— Не знаю, Гейнц. Знаю только, что для нас было бы хорошо, если бы мы это сказали. Но ведь мы могли прийти и к молчаливому соглашению изменять истине ради выгоды. И при этом, возможно, не испытывали бы даже угрызений совести. Вот и Лемхен тоже все хотела толковать со мной об истине и о выгоде.
— Проблема носится в воздухе…
Возле их столика появляется делегация от женщин. Впереди опять Лизелотта.
— Второй вестгот, — говорит она, — наш швец и жнец Шурих вызывает тебя, Ликс, на соревнование в сфере культуры. Ты должен сплясать с ним на русский лад — вприсядку и одну ногу вперед. Кто первый упадет.
Ворак чертыхается:
— Лучше бы твой Шурих срамился в одиночку.
Но Лемхен говорит:
— Попрыгай, Феликс.
И тогда Феликс К., который хочет выглядеть человеком компанейским, идет, даже опережая своих совратительниц…
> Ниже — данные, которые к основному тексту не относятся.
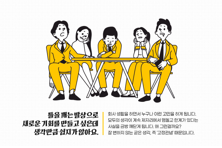 회사 생활을 하면서 누구나 이런 고민을 하게 됩니다. 맞닥뜨린 문제를 잘 풀어내고 싶은데 기존의 방법으로는 마음에 드는 결과가 나올 것 같지 않은 상황에서 말이죠. 그래서 여럿이 모여 브레인스토밍을 하게 됩니다. 어떤 아이디어든 좋으니까 자유롭게 상상해보자고 하는 거죠. 그런데 모두의 생각이 계속 제자리에서 맴돌고 한계가 있다는 사실을 금방 깨닫게 됩니다. 왜 그런걸까요? 잘 변하지 않는 굳은 생각, 즉 '고정관념' 때문입니다.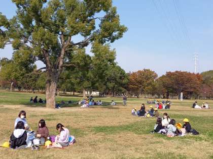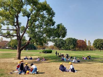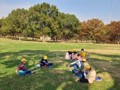 お待ちかね、お弁当の時間です! 広い芝生の上で食べるお昼ご飯は最高!

Шурих отплясывает лихо. Локти он поднял кверху, сведя кончики пальцев перед грудью. Вот он приседает на левой ноге и выбрасывает вперед правую, левую, правую, левую, правую и пружинисто раскачивается на опорной ноге, да еще приговаривает по-русски: «Карашо, тавай, тавай!» Рядом с ним Ликс выглядит грузным и смешным, как старый, неуклюжий медведь. Но поскольку Шурих выпил на одну-две рюмки больше, чем следовало, само его совершенство оказывается для него роковым. В погоне за максимальным эффектом он приседает слишком низко и просто заваливается на бок.
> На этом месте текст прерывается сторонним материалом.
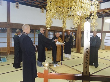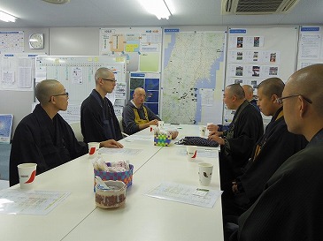 平成28年11月1・2日、 群馬県曹洞宗青年会のボランティア委員会が中心となり平成23年の東日本大震災で被害にあった南相馬へボランティアに行ってまいりました。 先ず、福島市にある曹洞宗宗務庁の復興支援分室に伺わせて頂きました。ご多忙中、久間老師がお迎えしてくださり、現在の状況などの説明を賜わりました。 引き続き、南相馬市の新祥寺様へ移動。慰霊法要を勤め、その後、野田副住職よりお話を頂きました。 また、同寺が預かり慰霊されている東日本大震災物故者のご遺骨に対し、皆で焼香させて頂きました。 翌2日は群馬県曹洞宗青年会及び曹洞宗福島県青年会有志14名によるボランティア作業。 南相馬市小高町ボランティアセンターに伺い、作業をいたしました。 今回は、福島県青年会様がセンターの引越し解体作業を、群馬県青年会が塚原公会堂での作業をさせて頂きました。 公会堂には、同地区で亡くなられた方々の慰霊碑もあり、始めに慰霊法要を勤めた後、作業をいたしました。

— А, чтоб тебе! — ругается Шурих. — Пять лет проторчал на Урале, а выходит, все мало.
Под звуки трубы, под приветственные возгласы, сцепив в замок четыре руки, победителя относят к его месту возле дверей. Своим ходом он бы это триумфальное шествие не совершил. Немногие заметили, зато Иоганн сразу увидел, как Ликс прикусил губу от боли, когда выпрямлялся, и как он потом стоял на одной ноге. Впрочем, Лемхен тоже это увидела. Она сразу подошла к нему и сказала:
— Если бы ты порвал мениск, ты бы от боли просто упал. Но тебе, как всегда, везет. У тебя простое растяжение связок.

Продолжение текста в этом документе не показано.